Natürlich weiß auch der treue Anhang, dass ein etwas wichtigerer Termin auf dem Programm steht: das Viertelfinal-Hinspiel in der Champions League gegen Portugals Meister Benfica Lissabon am Dienstag (20.45 Uhr/Sky). Erstaunlicherweise gab dies sogar der Trainer zu. Pep Guardiola räumte ein, dass es schwer sei, in der Liga zu spielen und gleichzeitig „an die Zukunft zu denken“. Entsprechend war das Bayern-Spiel gegen die Hessen – nach druckvollen 25 Minuten zum Anfang – ausgefallen: enorm dröge. Die Langeweile wurde verstärkt, weil die hinten gut organisierten Gäste nicht imstande waren, energisch anzugreifen. Völlig einleuchtend, was Frankfurts Verteidiger Bastian Oczipka sagte: „Wenn man in der Defensive so viel läuft, dann fehlt nach vorne die Kraft.“
„So ein Tor habe ich noch nie in meiner Karriere geschossen“
In Minute 20 half all die einträchtige Lauferei nicht. Das Tor war eine CoProduktion zweier Akteure, die in dieser Saison bis dato mehr beim Arzt als auf dem Platz waren: Mario Götze, von Guardiola nach dem kurzfristigen Ausfall des minimal angeschlagenen Kingsley Coman in die Startelf befördert, und eben Ribéry. Götze hatte nach einer feinen Einzelleistung von der Strafraumgrenze abgezogen. Keeper Lukas Hradecky ließ den Ball abprallen. Ribéry stand am richtigen Ort: Volley nahm er den Ball und beförderte ihn per Seitfallzieher aus elf Metern ins Netz. Ein Treffer zum Zungeschnalzen. Guardiola freute sich an der Seitenlinie ein Loch in den nicht vorhandenen Bauch und stellte hinterher fest: „Ein Wahnsinnstor von Franck.“
Monsieur Wahnsinn selbst gefiel das Tor, sein 70. im 201. BundesligaSpiel, ebenfalls ausnehmend gut. Hinterher hielt der Franzose in den Katakomben des Stadions Hof – in den Knien locker federnd, ein Dauerlächeln im Gesicht, per Handy gefilmt von seinem kleinen Bruder Steeven. „Es war ein spezielles Tor für mich und meine Fans“, sagte er. „So ein Tor schießt du nicht alle Tage, so ein Tor habe ich sogar noch nie in meiner Karriere geschossen.

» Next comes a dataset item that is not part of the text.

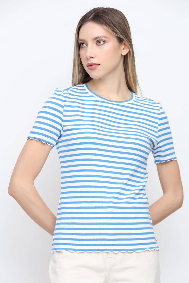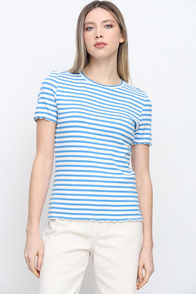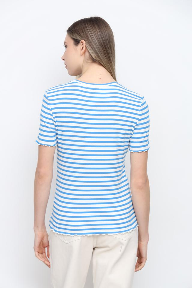 Футболка имеет классический крой и короткие рукава с декоративной оборкой. Голубая полоска придает ей свежий и летний вид. Отделка края в виде рюши добавляет изысканности и женственности.

Das war echt super.“Hart habe er für seine Rückkehr gearbeitet, „jeden Tag, zweimal täglich, auch privat“. Bei wie viel Prozent er ist? „90, 95 oder 100 – kann ich nicht sagen, aber ich fühle mich von Spiel zu Spiel besser, ich bin im Rhythmus.“Er wäre auch in der Stimmung, seinen 2017 auslaufenden Vertrag vorzeitig zu verlängern. „Ich muss mal mit denen reden“, sagte der 32-Jährige lachend. Sein Alter spiele keine Rolle. „So lange ich laufen kann, werde ich laufen.“Und abschließend, nach dem dritten Zwischenstopp bei den Reportern, meinte er noch: „Ich liebe es, hier in der Arena zu kämpfen und vor meinem Publikum zu spielen.“
Kurz darauf wurde auch Mario Götze in die Mixed Zone beordert. Auf dem Rücken trug er bereits einen mit all seinen Habseligkeiten gepackten schwarzen Lederrucksack, in der Hand eine Papiertüte mit Ess- barem. Jeder sah sofort, dass der junge Mann trotz seiner ansprechenden Leistung – er hatte 11,2 Kilometer absolviert und mehrere feine Bälle gespielt – lieber nichts sagen wollte. Exakt dies tat er dann auch mit vielen Worten. „Es war wichtig für mich, dass ich mal wieder von Beginn an spielen durfte“, sagte er etwa. Und am Ende, dass er „auf einem guten Weg“sei – natürlich nicht nach Dortmund, Turin oder London, sondern nur in puncto Fitness. Gegen Lissabon müsse der FC Bayern natürlich besser, konzentrierter spielen. Ob er selbst morgen wieder mit von der Partie ist? Kingsley Coman hat seine Muskelproblemchen überstanden.